WHAT IS EXPECTED:
Pictures stay out of the copy, which must hold exactly the lines from the one containing "Deer Crossing road" through the end of the material below.

SOURCE DATA:

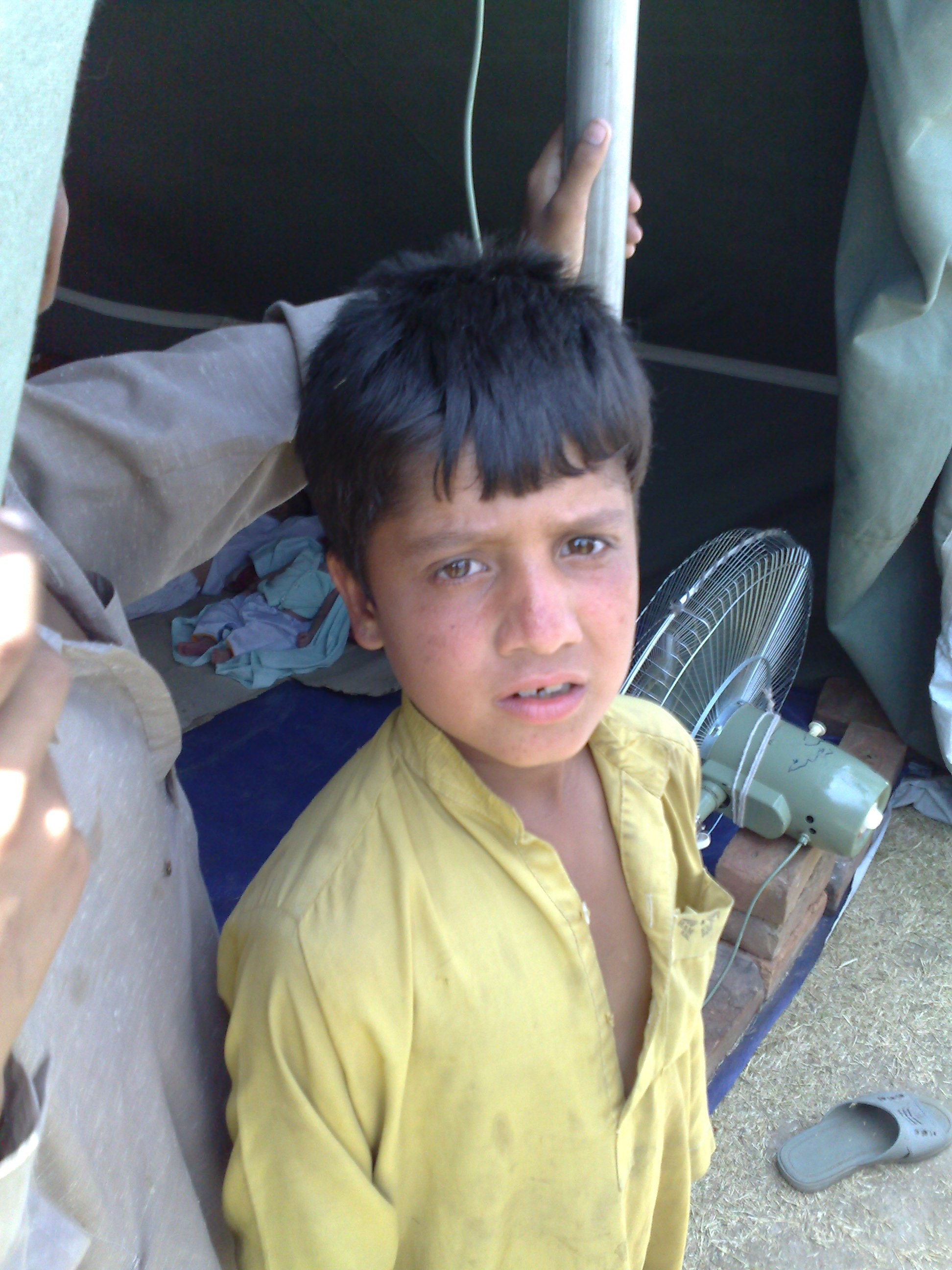 Families at the camp fled from fighting in Swat Valley and nearby Buner disctrict.
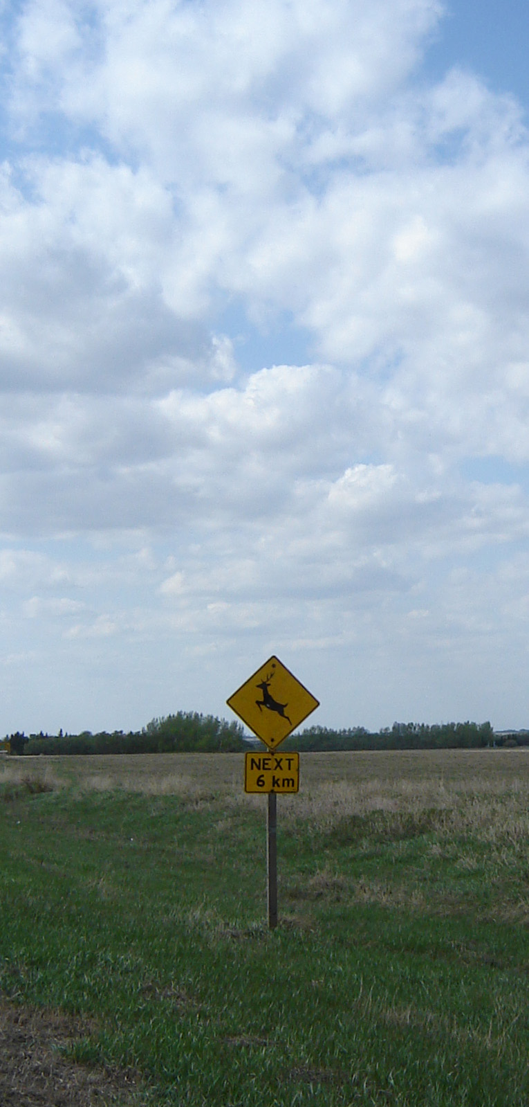 Deer Crossing road sign located at Saskatchewan Highway 16 or Yellowhead Highway
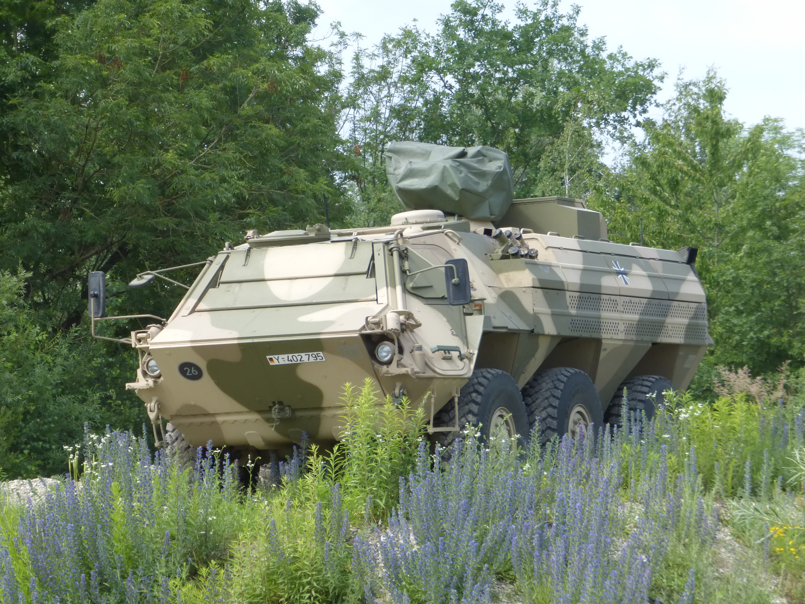 Armoured vehicle "Fuchs" Mark A8 with improved mine- and IED-protection at the "Day of the Bundeswehr 2018" in Ingolstadt, Bavaria
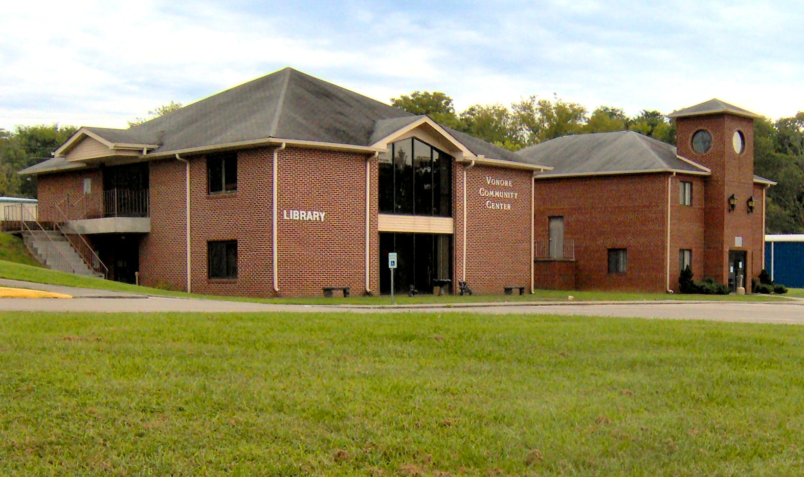 The library and community center (left) and city hall (right) in Vonore, Tennessee, USA.

WRITTEN SOLUTION:
 Deer Crossing road sign located at Saskatchewan Highway 16 or Yellowhead Highway
 Armoured vehicle "Fuchs" Mark A8 with improved mine- and IED-protection at the "Day of the Bundeswehr 2018" in Ingolstadt, Bavaria
 The library and community center (left) and city hall (right) in Vonore, Tennessee, USA.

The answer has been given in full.